» ACTION ITEM:
Line count for "available": tally the lines of the records below that contain it, and give only that number.

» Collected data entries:
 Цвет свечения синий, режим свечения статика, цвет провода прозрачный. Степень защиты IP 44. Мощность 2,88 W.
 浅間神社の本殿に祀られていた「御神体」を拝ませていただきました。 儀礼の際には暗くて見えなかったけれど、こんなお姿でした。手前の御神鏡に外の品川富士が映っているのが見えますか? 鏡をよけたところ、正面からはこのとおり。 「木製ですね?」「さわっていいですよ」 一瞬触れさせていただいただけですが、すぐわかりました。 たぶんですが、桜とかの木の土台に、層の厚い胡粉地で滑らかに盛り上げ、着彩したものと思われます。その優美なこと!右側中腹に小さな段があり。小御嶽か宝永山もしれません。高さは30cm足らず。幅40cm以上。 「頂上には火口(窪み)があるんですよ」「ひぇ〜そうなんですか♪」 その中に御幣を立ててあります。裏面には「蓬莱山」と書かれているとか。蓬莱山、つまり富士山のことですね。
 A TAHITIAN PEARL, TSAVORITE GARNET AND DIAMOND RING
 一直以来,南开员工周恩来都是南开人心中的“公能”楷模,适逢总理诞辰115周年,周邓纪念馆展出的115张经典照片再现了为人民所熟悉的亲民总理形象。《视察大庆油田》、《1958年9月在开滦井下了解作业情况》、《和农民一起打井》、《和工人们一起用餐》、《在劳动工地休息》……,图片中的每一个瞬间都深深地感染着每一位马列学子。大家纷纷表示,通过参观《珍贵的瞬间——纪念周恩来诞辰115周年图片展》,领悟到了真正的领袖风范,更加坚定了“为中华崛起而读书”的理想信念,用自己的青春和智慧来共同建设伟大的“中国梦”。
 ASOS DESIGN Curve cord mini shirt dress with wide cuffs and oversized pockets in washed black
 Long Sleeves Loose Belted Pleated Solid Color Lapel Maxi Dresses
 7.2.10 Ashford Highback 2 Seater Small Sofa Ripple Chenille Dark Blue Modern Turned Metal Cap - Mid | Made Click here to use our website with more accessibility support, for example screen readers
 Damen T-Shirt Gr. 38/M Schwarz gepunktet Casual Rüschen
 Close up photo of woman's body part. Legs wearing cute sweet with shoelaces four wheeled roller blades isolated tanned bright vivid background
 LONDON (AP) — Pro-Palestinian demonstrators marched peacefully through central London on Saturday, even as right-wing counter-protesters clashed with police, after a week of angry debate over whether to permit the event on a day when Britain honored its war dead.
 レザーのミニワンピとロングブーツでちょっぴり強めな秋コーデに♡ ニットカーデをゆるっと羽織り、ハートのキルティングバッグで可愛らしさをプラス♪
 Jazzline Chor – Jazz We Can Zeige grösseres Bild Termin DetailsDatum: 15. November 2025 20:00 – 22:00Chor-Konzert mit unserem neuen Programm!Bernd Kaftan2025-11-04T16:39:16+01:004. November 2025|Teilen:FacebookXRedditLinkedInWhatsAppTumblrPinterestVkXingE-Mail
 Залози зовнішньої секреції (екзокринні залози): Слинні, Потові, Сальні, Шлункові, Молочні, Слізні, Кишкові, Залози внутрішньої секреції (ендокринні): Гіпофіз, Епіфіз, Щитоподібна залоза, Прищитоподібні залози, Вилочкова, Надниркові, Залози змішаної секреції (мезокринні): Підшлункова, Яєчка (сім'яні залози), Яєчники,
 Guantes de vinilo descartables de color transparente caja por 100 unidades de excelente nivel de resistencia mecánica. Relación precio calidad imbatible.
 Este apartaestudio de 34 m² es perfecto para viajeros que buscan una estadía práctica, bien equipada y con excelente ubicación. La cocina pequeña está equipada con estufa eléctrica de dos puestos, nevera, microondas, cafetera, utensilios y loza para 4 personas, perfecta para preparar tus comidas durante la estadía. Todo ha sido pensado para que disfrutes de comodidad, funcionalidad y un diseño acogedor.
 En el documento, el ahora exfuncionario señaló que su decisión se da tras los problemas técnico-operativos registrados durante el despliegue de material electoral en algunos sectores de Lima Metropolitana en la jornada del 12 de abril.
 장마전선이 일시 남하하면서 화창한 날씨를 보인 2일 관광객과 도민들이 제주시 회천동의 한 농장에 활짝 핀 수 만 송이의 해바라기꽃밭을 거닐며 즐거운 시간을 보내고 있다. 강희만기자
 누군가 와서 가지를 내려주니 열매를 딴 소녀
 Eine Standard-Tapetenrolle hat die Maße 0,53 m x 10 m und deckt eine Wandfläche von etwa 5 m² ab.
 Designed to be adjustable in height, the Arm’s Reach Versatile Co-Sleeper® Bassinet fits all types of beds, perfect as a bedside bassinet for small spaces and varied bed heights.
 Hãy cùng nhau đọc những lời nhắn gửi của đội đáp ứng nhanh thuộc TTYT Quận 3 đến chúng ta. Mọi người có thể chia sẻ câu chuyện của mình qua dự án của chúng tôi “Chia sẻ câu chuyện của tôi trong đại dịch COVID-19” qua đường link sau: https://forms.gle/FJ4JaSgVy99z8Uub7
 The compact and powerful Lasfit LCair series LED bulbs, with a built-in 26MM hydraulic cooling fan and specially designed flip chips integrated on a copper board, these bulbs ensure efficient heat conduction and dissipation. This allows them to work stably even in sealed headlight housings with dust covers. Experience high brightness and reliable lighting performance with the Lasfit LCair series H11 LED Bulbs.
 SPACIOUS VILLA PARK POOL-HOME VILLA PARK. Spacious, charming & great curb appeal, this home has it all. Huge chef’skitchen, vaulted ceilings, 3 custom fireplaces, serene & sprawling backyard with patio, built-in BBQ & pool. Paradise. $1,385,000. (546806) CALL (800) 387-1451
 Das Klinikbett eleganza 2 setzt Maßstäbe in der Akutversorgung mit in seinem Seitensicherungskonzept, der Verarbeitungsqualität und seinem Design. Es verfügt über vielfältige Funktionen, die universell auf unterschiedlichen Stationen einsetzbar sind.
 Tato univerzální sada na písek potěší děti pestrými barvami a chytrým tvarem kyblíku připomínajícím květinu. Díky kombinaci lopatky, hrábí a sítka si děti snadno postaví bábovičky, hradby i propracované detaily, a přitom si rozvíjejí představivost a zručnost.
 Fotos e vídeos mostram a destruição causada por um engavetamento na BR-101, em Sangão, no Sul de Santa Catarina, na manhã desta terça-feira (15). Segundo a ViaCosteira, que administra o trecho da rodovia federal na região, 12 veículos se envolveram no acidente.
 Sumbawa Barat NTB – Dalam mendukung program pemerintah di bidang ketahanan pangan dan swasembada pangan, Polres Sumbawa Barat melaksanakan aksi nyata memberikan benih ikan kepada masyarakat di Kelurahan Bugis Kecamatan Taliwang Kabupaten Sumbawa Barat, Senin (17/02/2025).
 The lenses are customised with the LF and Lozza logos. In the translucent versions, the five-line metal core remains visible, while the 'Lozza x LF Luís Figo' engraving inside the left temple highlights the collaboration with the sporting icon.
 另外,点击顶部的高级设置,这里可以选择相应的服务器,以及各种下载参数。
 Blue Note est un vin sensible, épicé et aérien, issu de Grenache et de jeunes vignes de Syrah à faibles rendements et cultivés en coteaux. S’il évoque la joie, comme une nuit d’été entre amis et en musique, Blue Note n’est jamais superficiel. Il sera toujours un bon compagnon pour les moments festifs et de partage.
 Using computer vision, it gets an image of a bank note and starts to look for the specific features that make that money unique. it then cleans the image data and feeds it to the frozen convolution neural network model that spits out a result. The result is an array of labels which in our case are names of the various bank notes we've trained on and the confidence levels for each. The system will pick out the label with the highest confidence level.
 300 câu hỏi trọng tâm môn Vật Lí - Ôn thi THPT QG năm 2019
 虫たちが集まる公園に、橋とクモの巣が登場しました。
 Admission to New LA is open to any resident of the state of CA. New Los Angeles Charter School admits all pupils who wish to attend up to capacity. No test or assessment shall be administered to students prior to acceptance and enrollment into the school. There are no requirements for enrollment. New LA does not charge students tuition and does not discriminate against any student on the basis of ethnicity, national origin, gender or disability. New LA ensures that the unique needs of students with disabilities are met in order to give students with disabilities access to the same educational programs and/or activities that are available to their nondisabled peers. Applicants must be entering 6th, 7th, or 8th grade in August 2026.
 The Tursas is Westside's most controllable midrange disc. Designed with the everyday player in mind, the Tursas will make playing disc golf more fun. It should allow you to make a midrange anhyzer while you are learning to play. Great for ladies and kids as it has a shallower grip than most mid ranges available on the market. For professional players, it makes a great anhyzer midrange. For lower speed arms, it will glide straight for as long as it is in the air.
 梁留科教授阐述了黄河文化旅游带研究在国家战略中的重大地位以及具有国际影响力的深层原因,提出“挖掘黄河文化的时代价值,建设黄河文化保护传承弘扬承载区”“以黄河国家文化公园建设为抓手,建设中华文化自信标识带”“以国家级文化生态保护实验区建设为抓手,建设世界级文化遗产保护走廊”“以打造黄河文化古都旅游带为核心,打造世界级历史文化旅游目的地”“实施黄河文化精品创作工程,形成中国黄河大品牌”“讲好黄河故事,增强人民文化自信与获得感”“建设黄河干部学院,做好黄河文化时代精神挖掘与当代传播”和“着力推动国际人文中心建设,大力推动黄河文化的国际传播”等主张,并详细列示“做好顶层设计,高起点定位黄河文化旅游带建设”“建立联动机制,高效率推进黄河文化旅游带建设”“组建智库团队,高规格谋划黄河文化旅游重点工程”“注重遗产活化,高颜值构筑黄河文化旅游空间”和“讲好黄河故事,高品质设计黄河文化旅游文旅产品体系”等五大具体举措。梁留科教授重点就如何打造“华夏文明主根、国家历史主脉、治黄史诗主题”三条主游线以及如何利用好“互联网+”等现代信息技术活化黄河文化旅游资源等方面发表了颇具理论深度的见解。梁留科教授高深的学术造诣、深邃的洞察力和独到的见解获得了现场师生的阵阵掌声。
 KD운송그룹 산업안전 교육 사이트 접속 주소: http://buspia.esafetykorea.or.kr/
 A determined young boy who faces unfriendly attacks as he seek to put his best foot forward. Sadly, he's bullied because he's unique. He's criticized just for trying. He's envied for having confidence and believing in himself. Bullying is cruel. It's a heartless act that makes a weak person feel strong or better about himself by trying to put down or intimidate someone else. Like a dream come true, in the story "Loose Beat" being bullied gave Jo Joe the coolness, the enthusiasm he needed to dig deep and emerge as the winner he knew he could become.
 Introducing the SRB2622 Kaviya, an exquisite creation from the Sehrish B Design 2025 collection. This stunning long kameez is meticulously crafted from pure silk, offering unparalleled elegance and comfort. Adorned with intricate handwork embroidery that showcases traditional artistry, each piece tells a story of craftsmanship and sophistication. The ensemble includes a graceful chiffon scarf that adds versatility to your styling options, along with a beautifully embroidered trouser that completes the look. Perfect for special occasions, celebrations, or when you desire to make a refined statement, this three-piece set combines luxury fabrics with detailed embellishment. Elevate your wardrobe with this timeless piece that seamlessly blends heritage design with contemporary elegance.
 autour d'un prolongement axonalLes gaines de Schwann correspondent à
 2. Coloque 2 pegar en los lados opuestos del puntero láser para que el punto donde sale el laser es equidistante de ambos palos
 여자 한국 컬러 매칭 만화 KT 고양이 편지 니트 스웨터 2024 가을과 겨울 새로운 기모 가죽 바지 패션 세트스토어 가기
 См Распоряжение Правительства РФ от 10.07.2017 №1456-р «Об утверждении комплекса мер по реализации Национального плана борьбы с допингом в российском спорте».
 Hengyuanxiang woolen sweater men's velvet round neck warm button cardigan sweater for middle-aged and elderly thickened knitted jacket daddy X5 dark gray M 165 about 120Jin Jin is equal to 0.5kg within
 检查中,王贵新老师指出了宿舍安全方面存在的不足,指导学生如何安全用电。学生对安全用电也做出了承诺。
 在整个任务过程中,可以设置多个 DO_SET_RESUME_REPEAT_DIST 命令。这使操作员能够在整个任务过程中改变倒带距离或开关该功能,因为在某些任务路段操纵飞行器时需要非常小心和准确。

» REPLY:
2